The 20 Mule Team Borax is usually found in your local Wal-mart or Target as well. If you cannot find it, ask the department manager to special order you some. Borax is pretty inexpensive, usually around $3 for a box of around 4.5 lbs. You only need to use 1 cup per 5-gallons of laundry soap. 

Arm and Hammer Washing Soda is also found in the laundry aisle. Make sure you get the Washing Soda and not the Baking Soda which is found in the baking aisle. Baking soda will not work for this recipe. The Washing Soda is also inexpensive, again, around $3 for a box of about 3.5 lbs. And you'll only need a cup per 5 gallons. 

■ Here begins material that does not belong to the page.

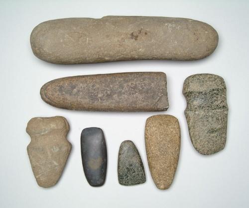 SEVEN STONE TOOLS. Archaic through Mississippian, Circa 5000BC style - 1500AD style. Includes one complete roller pestle, one broken roller pestle, three celts, one full grooved axe, one 3/4 grooved axe. Materials of slate, granite, diabase. SIZE: Largest is 13-1/2in. l x 4in. w. Smallest is 3-1/4in. x 2in.. CONDITION: As noted above, very good. 9-25984-28 The Tennessee Collection of Prehistoric Indian Artifacts from the Allen Graves Estate. SPECIAL NOTE: We do not regularly sell Prehistoric Indian stone artifacts and therefore have very little experience and no expertise in this area. All of the following lots have come from the Collection of the Late Allen Graves of Tennessee. The collection was inherited some years back by his daughter, who now lives in Maine. This collection was consigned to us directly from her. We employed someone to generally identify styles and types, but as stated above, due to our lack of expertise in this field, we can not guarantee the age or origin of the following pieces. We are relying on you, the buyer, to determine to your satisfaction the origin and age of each item in the collection.

You'll start by grating your Fels Naptha soap with the cheese grater. We bought an old cheese grater at GoodWill for about a dollar and use it exclusively for grating laundry soap. 

Next, put the soap in your pot and cover it with about an inch of water. Cook on low until the soap is fully melted. Stir frequently; you don't want it burning on the bottom. Of course, your pot will clean up pretty easily!

Next, add a cup of borax and a cup of washing soda. Again, add more water, stirring on low until the borax and washing soda are completely dissolved. 

Now put the mixture into your 5 gallon bucket, adding hot water to fill the 5 gallon bucket. Stir as you go. 

I like to leave mine to sit overnight to cool, but if you need to do some laundry right away, it is perfectly fine to use at this point. 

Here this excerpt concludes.